Wellen brechen im Hafen von Argostoli in einer Taverne ein. © Nikiforos Stamenis/AP/dpa
Athen

Der Wirbelsturm "Ianos" und ein weiteres Sturmtief über der Nordägäis haben in der Nacht zum Samstag in weiten Teilen Griechenlands schwere Schäden verursacht.

In Mittelgriechenland kamen eine Frau und ein Mann ums Leben, eine weitere Frau wurde vermisst. Viele könnten ihre Häuser wegen Hochwassers nicht verlassen, teilte die Feuerwehr am Samstagmorgen mit. Mehr als 600 Menschen seien von Rettungskräften aus Wohnungen befreit oder anderweitig gerettet worden. Wegen Schäden an der Bahnstrecke wurde die Zugverbindung Athen - Thessaloniki unterbrochen.

Bilder und Videos in sozialen Medien und in griechischen Medien zeigen die Spur der Verwüstung: Umgestürzte Bäume und Strommasten, weggeschwemmte Autos, Segelboote, die von Wind und Wellen an Land gespült oder gleich im Hafen versenkt wurden. Vielerorts stehen Straßen unter Wasser. Im Laufe des Samstag passiert "Ianos" die Westküste der Insel Kreta, während es in der Nordägäis stürmisch bleibt.

Ein Medicane wie "Ianos" ist ein Sturmtief, das sich gegen Ende des Sommers im Mittelmeerraum bilden kann, wenn das Wasser dort noch hohe Temperaturen aufweist. Sobald der Sturm das Festland erreicht, verliert er an Heftigkeit - in diesem Fall aber zog "Ianos" an der griechischen Westküste entlang Richtung Süden.
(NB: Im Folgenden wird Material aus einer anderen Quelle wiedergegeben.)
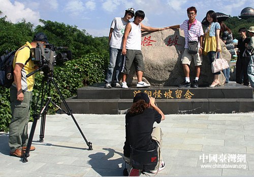在沈陽怪坡留念(圖片來源:沈陽市臺辦)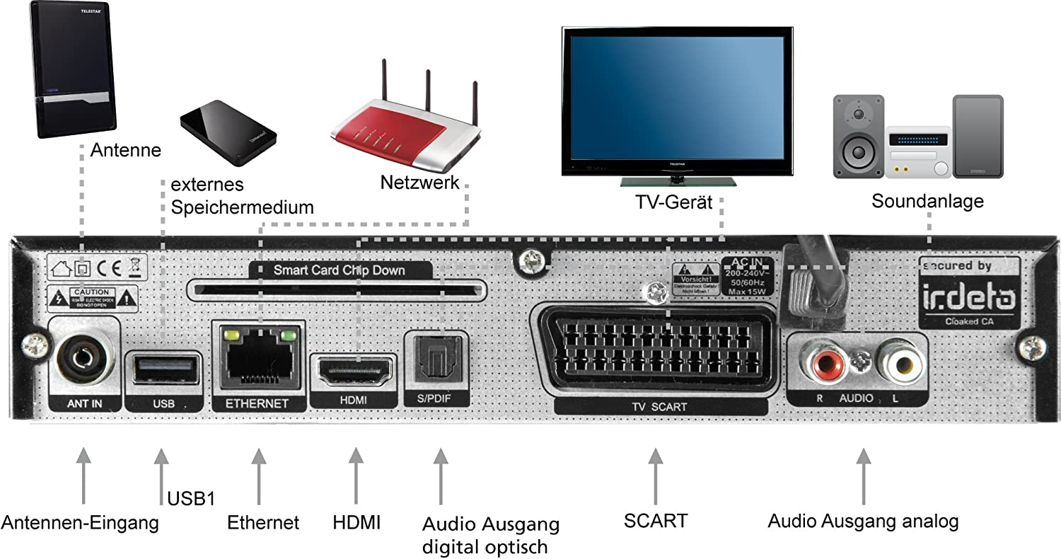 • DVB-T2 HD/DVB-C приемник с Irdeto декриптиране Freenet TV за частни станции, включително 3 месеца безплатен достъп (H.265/HEVC стандарт)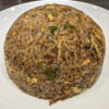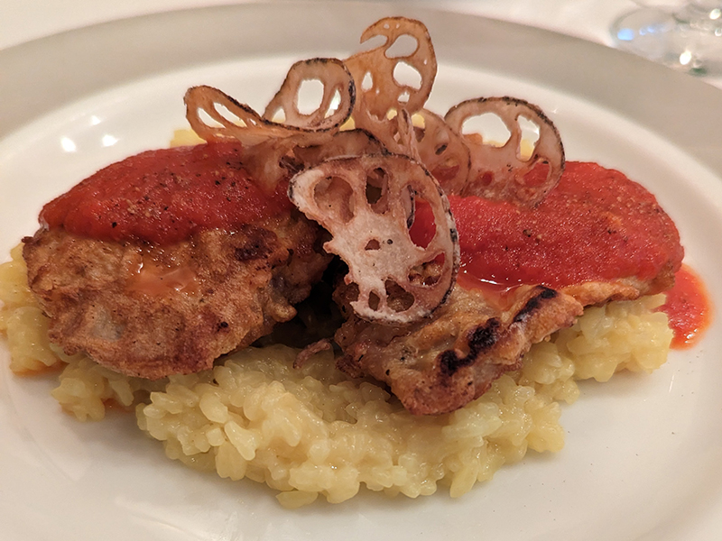 サフラン香るバターライスの上に玉子の衣をまとったピカタ、更にその上にレンコンチップが乗る。

Griechenland wird in den vergangenen Jahren verstärkt von Stürmen und Starkregen heimgesucht, oft sind Verletzte und Tote zu beklagen.

Ältere Griechen versichern, dass es solche schweren Stürme in dieser Regelmäßigkeit früher nicht gegeben habe. "Ich stand bis zu den Hüften im Wasser", sagte eine 86-Jährige dem Fernsehsender Skai in der stark betroffenen Stadt Karditsa. "Wir hatten auch früher mal Stürme, aber nie so gewaltig."